Her last Republican vote for president was in 2004, which is also the last time a GOP presidential nominee – George W. Bush back then – carried suburban Loudoun County and the commonwealth.

In the nearly two decades since, Mees voted for Barack Obama twice, Hillary Clinton and Joe Biden.

“I mean, abortion, guns – those are two big things,” said Mees, explaining her choice to vote Democratic in the past four presidential elections.

She is prepared to extend that streak to five next November, but not without hesitation.

“I don’t think he is the perfect one,” Mees said of Biden. “But if I have to pick between him and [Donald] Trump, who I would never, ever, ever vote for, it would be Biden. I would just pray.”

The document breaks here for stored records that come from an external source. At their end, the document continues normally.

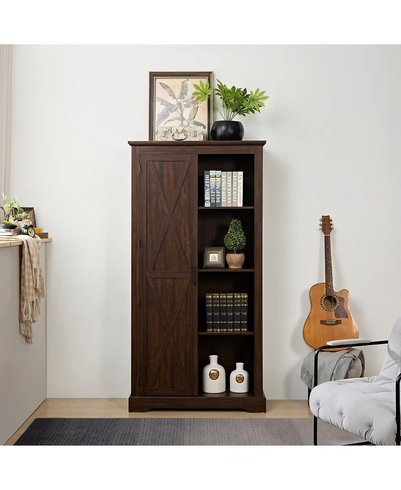 Easy-to-assemble tall storage cabinet with ample storage for various uses. Features adjustable shelves, rustic farmhouse design, and modern sleek silhouette. Dimensions: 39.37" L x 15.75" W x 74.4" H.
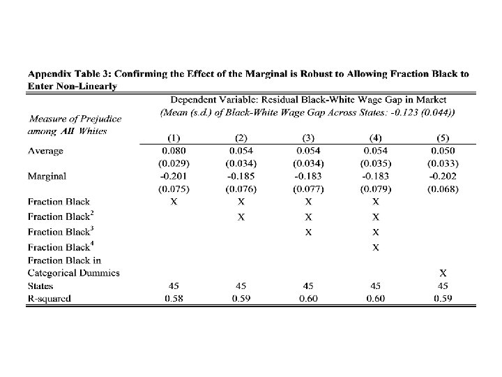 Robustness Check 2: Marginal Computed as 0. 8 times pth percentile. [Katz/Murphy estimates of elasticity of substitution of -1. 5 between high and low skill workers, and black-white wage gap of about 0. 2 log pts, implies that if all of gap caused by prejudice, need 0. 77 of them relative to constant firm size case. ]
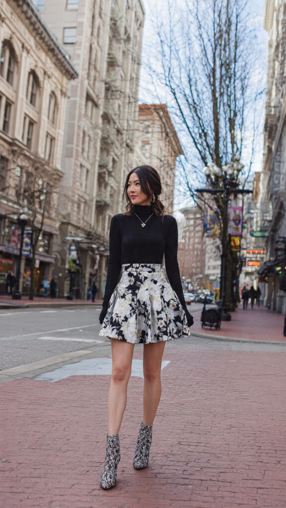5. Floral Knit + Pleated Mini
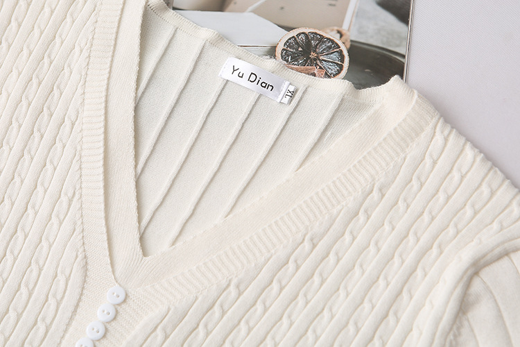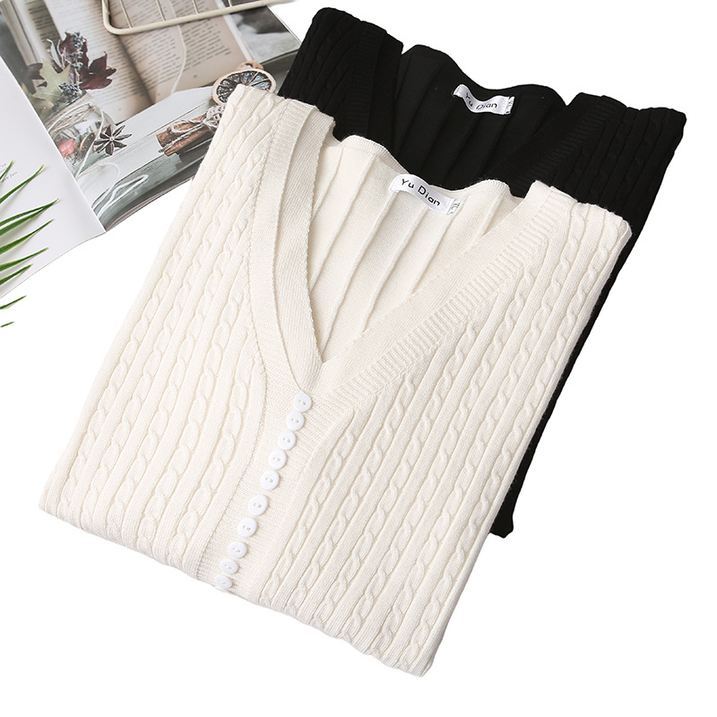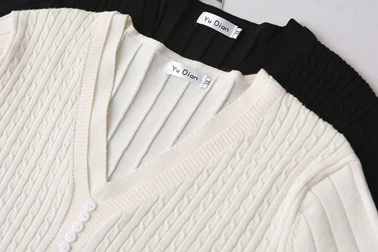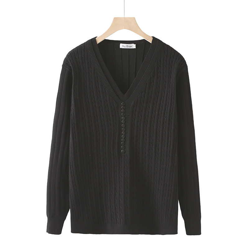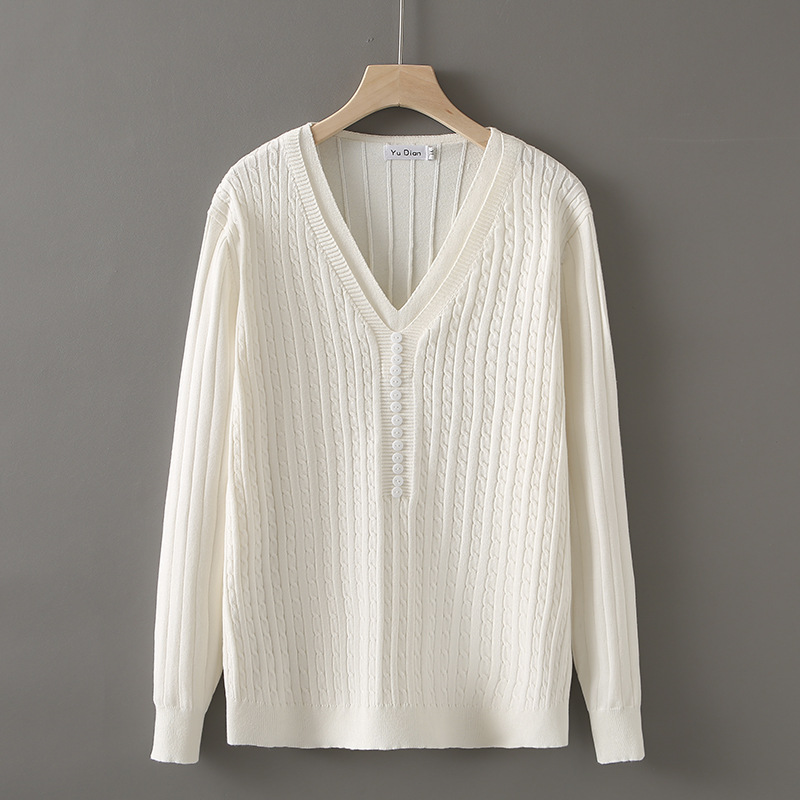 2024秋太った妹のニットウェアvネック長袖200斤弾力上着太ったMMシンプルなセーター気質2430

That choice is a year away.

A more immediate choice will also have significant national ripples – Tuesday’s legislative elections in Virginia, where control of the state House and Senate is at stake. The outcome will impact America’s abortion debate, its broader political fight for supremacy in the suburbs and the ambitions of the commonwealth’s Republican governor, Glenn Youngkin.

“Hold the House, flip the Senate” has been Youngkin’s mantra campaigning for GOP candidates in the run-up to Tuesday. The governor, who is about halfway through his term and not on the ballot, sees himself as a Republican who appeals to both the GOP’s Trump base and suburban voters.

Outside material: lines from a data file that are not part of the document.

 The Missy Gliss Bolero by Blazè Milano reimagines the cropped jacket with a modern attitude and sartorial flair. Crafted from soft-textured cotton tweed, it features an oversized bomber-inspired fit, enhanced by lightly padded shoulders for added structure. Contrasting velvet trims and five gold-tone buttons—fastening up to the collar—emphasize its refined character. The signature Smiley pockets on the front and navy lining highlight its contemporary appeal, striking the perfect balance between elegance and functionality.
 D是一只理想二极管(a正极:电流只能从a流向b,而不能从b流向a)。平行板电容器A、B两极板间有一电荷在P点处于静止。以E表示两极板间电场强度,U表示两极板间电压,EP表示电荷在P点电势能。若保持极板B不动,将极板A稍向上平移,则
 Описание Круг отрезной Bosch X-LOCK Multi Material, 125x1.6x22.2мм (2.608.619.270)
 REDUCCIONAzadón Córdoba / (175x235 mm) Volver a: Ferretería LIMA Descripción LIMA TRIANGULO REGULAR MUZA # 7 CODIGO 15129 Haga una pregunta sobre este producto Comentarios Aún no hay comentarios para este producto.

And he thinks he can maintain that appeal while pushing new abortion restrictions, promising that if Republicans take full control of the legislature, they will pass and he will sign legislation to outlaw abortions after 15 weeks, with exceptions for rape, incest and the life of the mother.

His Spirit of Virginia political action committee has spent heavily, and Youngkin’s rallies across the state look very much like a presidential test run. The legislative candidates get a few minutes to make their case, and then Youngkin promises, if given a Republican legislature, to cut taxes, boost police spending and give parents more rights over school curricula.

“The other side is so afraid of losing Virginia totally because in 24 months we’ve turned this state from blue to red,” Youngkin said at a rally last month in Henrico County.

Missing from his rally speeches: any mention of abortion.

The governor rejects the idea that he omits abortion because of worries his proposal will alienate swing voters.